Complex reflection groups as differential Galois groups
Carlos E. Arreche, Avery Bainbridge, Benjamin Obert, Alavi Ullah
TL;DR
The paper realizes complex reflection groups as differential Galois groups over the multivariate rational function field by leveraging invariant theory: it identifies $K=\mathbb{C}(z_1,\dots,z_n)$ with $L^G$, uses $\delta_i=\partial/\partial z_i$ to form a Δ-field, and constructs a PV extension with a concrete integrable system given by $A_i=\delta_i(J_{\boldsymbol{\phi}})J_{\boldsymbol{\phi}}^{-1}$; this yields $\mathrm{Gal}_{\Delta}(L/K)\simeq G$ in the natural representation. The approach extends prior Beukers–Heckman results to multivariate settings and provides an explicit algorithm to rewrite invariant expressions in the invariant coordinates, enabling concrete systems for primitive complex reflection groups of low rank. The paper demonstrates the method with a dihedral example and reports explicit outputs for the tetrahedral groups, highlighting both the practicality of the algorithm and the increasing complexity for higher ranks. This work advances explicit constructive realizations of complex reflection groups as differential Galois groups and offers a computational toolkit for the inverse differential Galois problem in multivariate contexts.
Abstract
Complex reflection groups comprise a generalization of Weyl groups of semisimple Lie algebras, and even more generally of finite Coxeter groups.
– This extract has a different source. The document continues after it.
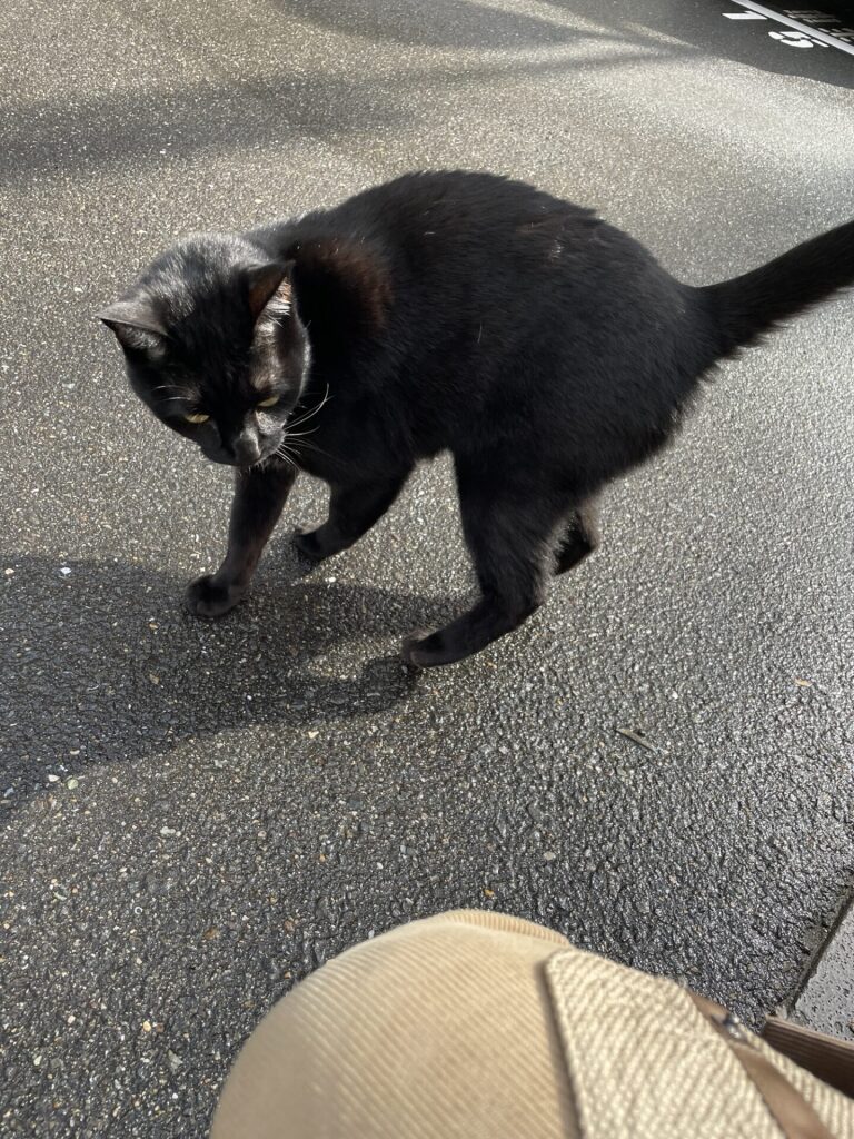 この日は麹屋町の駐車場に黒のメス猫がいて、目が合うと寄って来てスリスリするので優しく撫でていると突然ガブリとやられました(笑)

They have been heavily studied since their introduction and complete classification in the 1950s by Shephard and Todd, due to their many applications to combinatorics, representation theory, knot theory, and mathematical physics, to name a few examples. For each given complex reflection group G, we explain a new recipe for producing an integrable system of linear differential equations whose differential Galois group is precisely G. We exhibit these systems explicitly for many (low-rank) irreducible complex reflection groups in the Shephard-Todd classification.